» **Data below**:
* * * * * * * * *
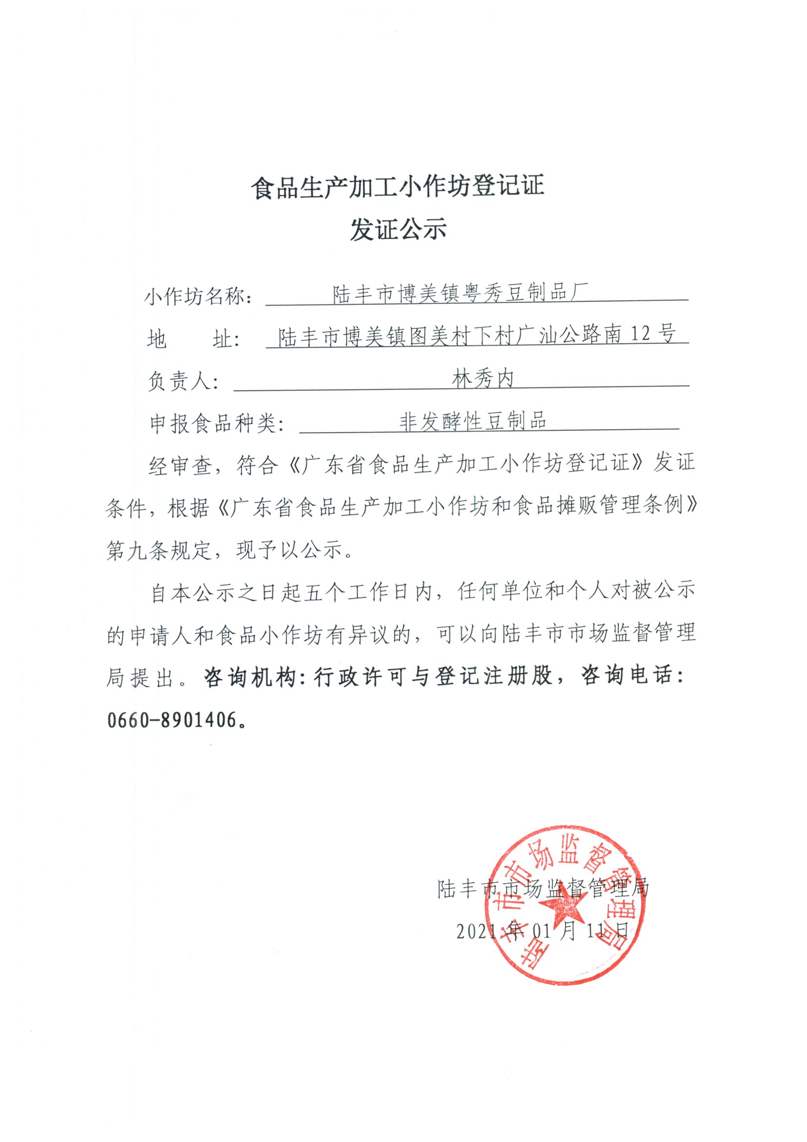 食品生产加工小作坊登记证发证公示
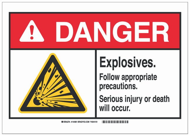 Aluminum Warning Sign: EXPLOSIVES. FOLLOW APPROPRIATE PRECAUTIONS. SERIOUS INJURY OR DEATH WILL OCCUR, Each
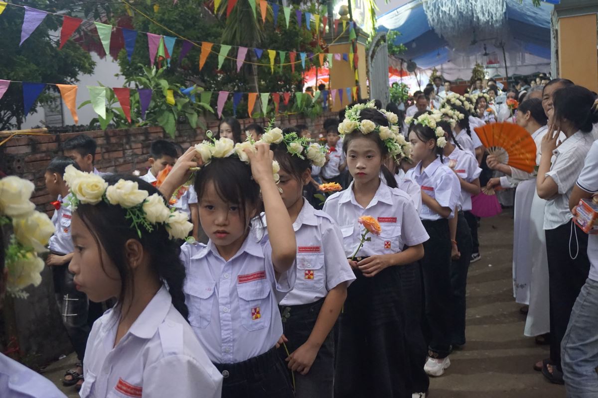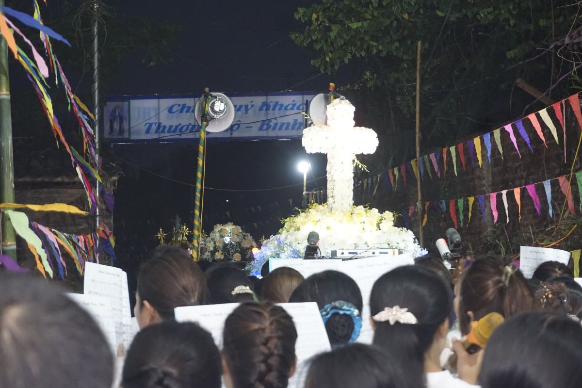 Sau cuộc rước, các em thiếu nhi trong đội hoa của giáo xóm đã dâng lên Mẹ những đóa hoa thiêng liêng qua các cử điệu thánh thiện và đầy cảm xúc. Cao điểm là Thánh lễ tạ ơn được cử hành trang nghiêm, đong đầy tâm tình biết ơn và phó thác.
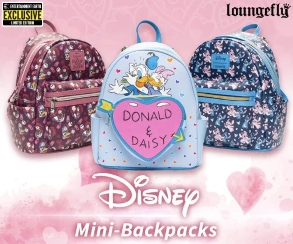 - More Loungefly mini-backpacks? Yes, please! Three brand new Disney-inspired Entertainment Earth exclusive styles will make their way to fans this spring and pre-orders are now open.
* * * * * * * * *
» **Exercise prompt**: Copy the material above word for word, images excluded.

» **Exercise response**:
 食品生产加工小作坊登记证发证公示
 Aluminum Warning Sign: EXPLOSIVES. FOLLOW APPROPRIATE PRECAUTIONS. SERIOUS INJURY OR DEATH WILL OCCUR, Each
 Sau cuộc rước, các em thiếu nhi trong đội hoa của giáo xóm đã dâng lên Mẹ những đóa hoa thiêng liêng qua các cử điệu thánh thiện và đầy cảm xúc. Cao điểm là Thánh lễ tạ ơn được cử hành trang nghiêm, đong đầy tâm tình biết ơn và phó thác.
 - More Loungefly mini-backpacks? Yes, please! Three brand new Disney-inspired Entertainment Earth exclusive styles will make their way to fans this spring and pre-orders are now open.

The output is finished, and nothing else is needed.